### What you will do
Below is a listing from which only part is wanted; return exactly the lines from the one with "did you vote" up to and including the one with "Германия обыграла Венгрию, что".

### Record extracts
____________________
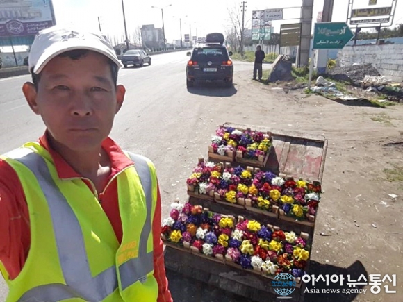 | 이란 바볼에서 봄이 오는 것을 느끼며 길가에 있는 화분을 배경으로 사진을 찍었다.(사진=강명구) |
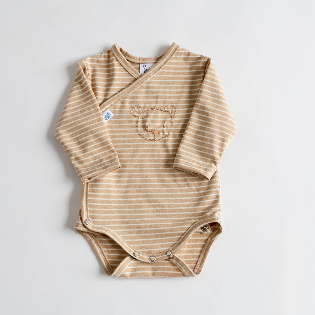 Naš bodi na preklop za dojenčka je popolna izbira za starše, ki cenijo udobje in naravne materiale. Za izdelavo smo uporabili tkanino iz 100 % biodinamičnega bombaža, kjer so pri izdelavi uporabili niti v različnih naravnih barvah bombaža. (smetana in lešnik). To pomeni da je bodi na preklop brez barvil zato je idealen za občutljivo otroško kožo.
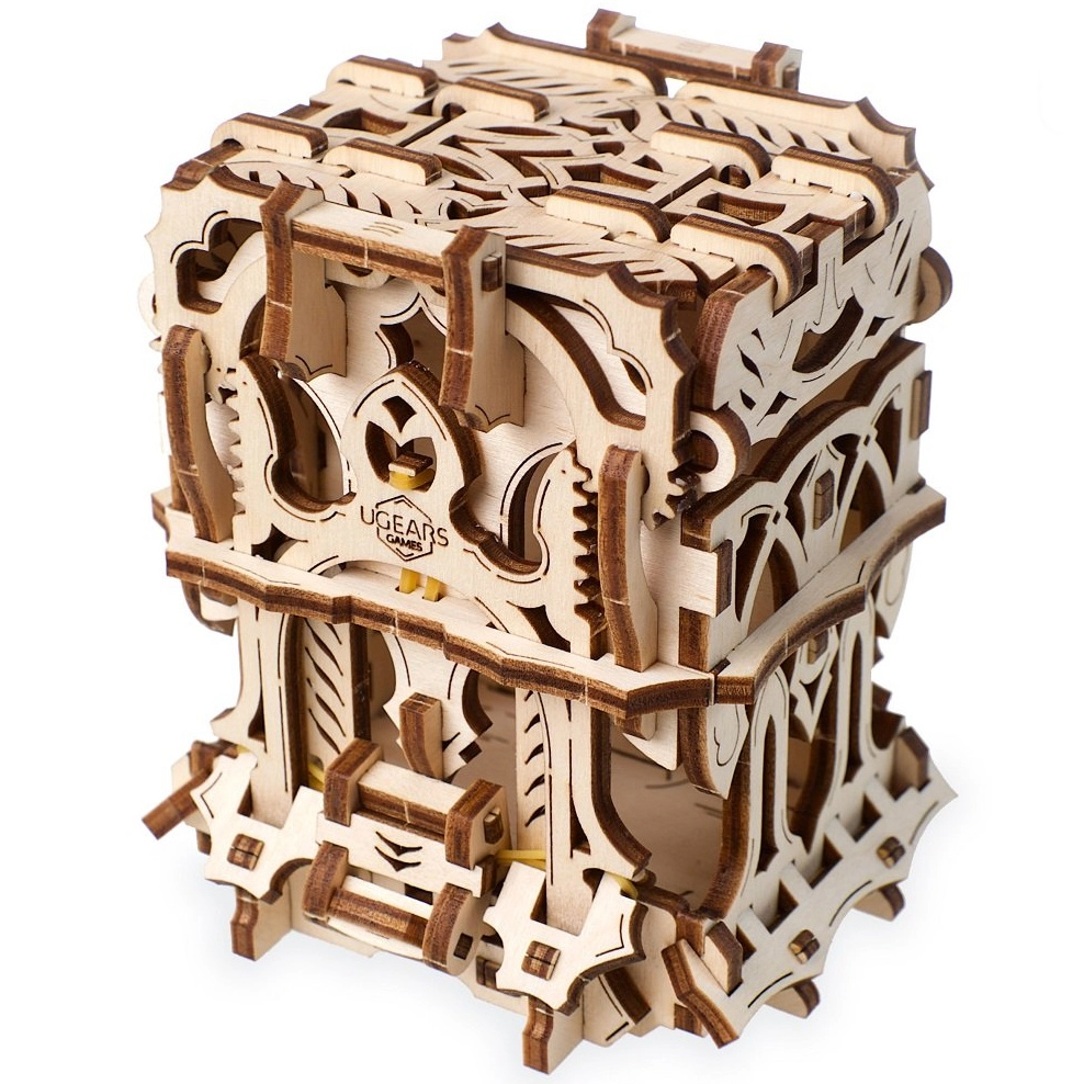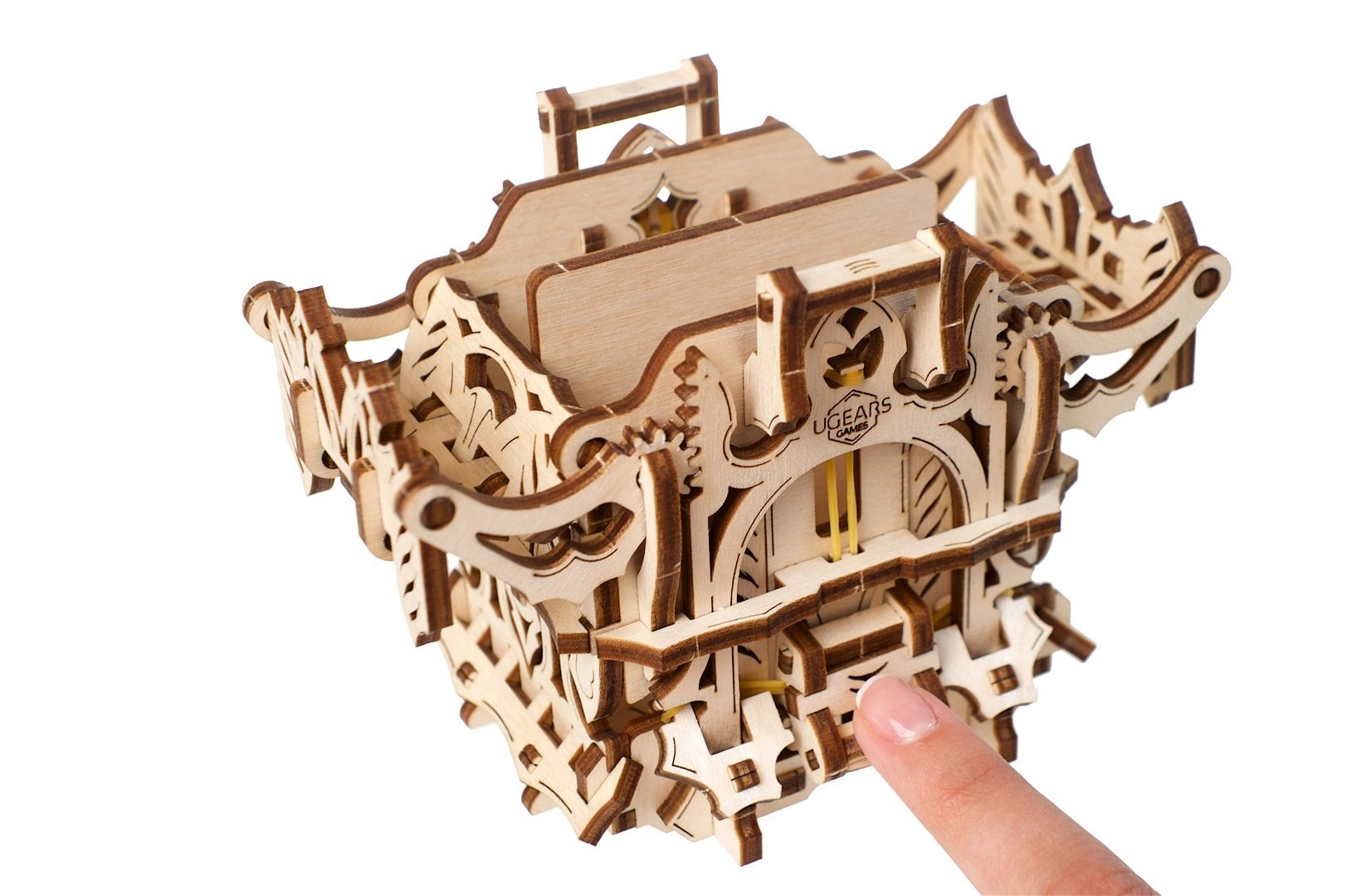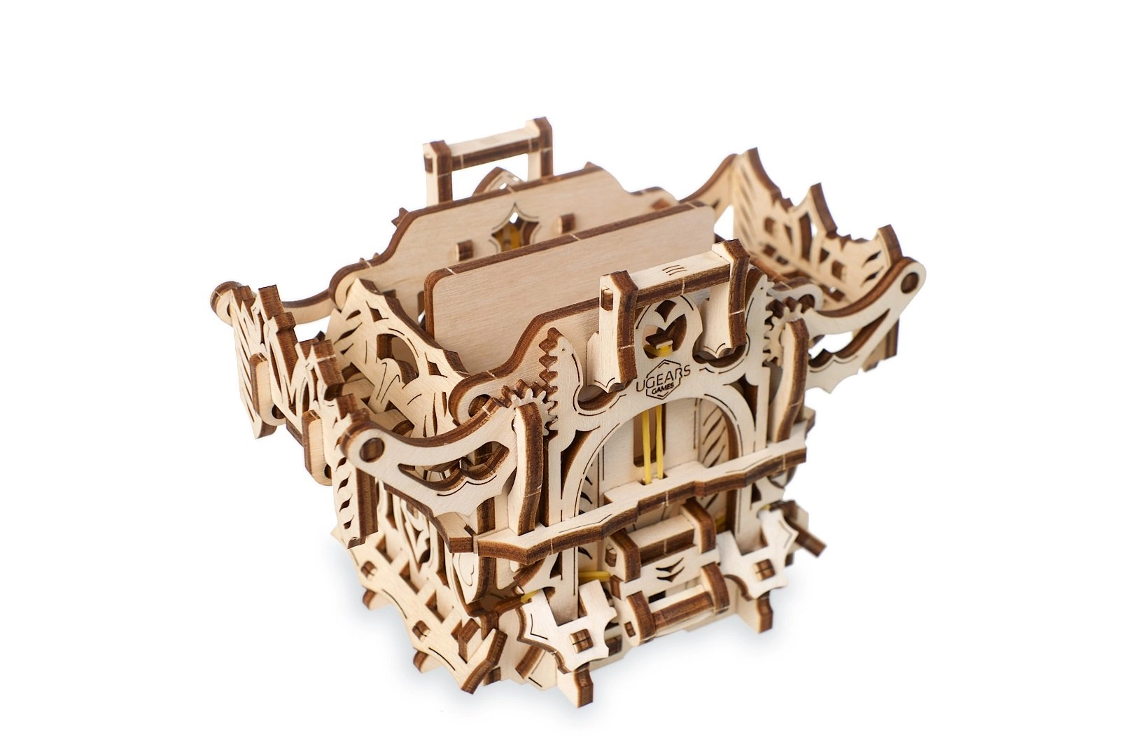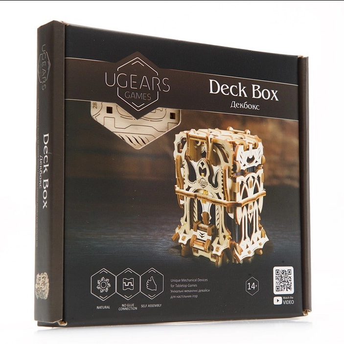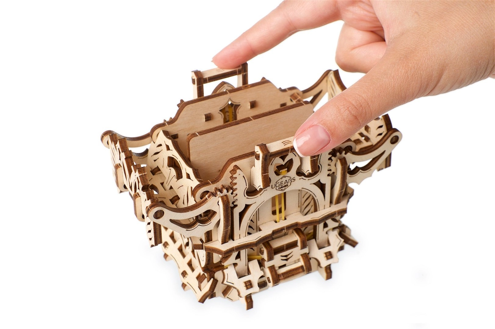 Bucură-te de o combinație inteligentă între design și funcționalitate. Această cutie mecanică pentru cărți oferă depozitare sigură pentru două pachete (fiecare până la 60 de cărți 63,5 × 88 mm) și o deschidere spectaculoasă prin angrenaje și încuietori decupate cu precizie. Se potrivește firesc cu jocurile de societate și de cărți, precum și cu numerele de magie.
____________________
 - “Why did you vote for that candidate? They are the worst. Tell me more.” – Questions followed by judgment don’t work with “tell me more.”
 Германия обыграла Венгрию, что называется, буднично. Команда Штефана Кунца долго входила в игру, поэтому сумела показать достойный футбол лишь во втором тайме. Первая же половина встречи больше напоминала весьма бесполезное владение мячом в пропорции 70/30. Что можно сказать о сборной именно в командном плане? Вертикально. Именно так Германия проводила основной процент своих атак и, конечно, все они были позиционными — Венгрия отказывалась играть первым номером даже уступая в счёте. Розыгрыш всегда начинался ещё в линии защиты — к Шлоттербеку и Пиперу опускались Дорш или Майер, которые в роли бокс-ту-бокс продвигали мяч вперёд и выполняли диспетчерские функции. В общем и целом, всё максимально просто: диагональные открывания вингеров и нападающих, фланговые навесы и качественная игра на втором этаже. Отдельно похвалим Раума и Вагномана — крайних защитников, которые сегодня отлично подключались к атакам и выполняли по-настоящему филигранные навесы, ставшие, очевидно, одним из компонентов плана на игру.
____________________
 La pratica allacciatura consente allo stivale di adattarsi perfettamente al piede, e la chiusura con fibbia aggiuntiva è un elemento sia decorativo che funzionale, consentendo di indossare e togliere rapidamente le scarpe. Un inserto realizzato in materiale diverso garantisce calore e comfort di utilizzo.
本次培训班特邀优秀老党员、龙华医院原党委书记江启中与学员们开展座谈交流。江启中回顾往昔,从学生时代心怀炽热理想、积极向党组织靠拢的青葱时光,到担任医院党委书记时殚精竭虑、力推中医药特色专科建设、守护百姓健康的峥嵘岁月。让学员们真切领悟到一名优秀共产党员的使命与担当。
____________________
### Answer space
 - “Why did you vote for that candidate? They are the worst. Tell me more.” – Questions followed by judgment don’t work with “tell me more.”
 Германия обыграла Венгрию, что называется, буднично. Команда Штефана Кунца долго входила в игру, поэтому сумела показать достойный футбол лишь во втором тайме. Первая же половина встречи больше напоминала весьма бесполезное владение мячом в пропорции 70/30. Что можно сказать о сборной именно в командном плане? Вертикально. Именно так Германия проводила основной процент своих атак и, конечно, все они были позиционными — Венгрия отказывалась играть первым номером даже уступая в счёте. Розыгрыш всегда начинался ещё в линии защиты — к Шлоттербеку и Пиперу опускались Дорш или Майер, которые в роли бокс-ту-бокс продвигали мяч вперёд и выполняли диспетчерские функции. В общем и целом, всё максимально просто: диагональные открывания вингеров и нападающих, фланговые навесы и качественная игра на втором этаже. Отдельно похвалим Раума и Вагномана — крайних защитников, которые сегодня отлично подключались к атакам и выполняли по-настоящему филигранные навесы, ставшие, очевидно, одним из компонентов плана на игру.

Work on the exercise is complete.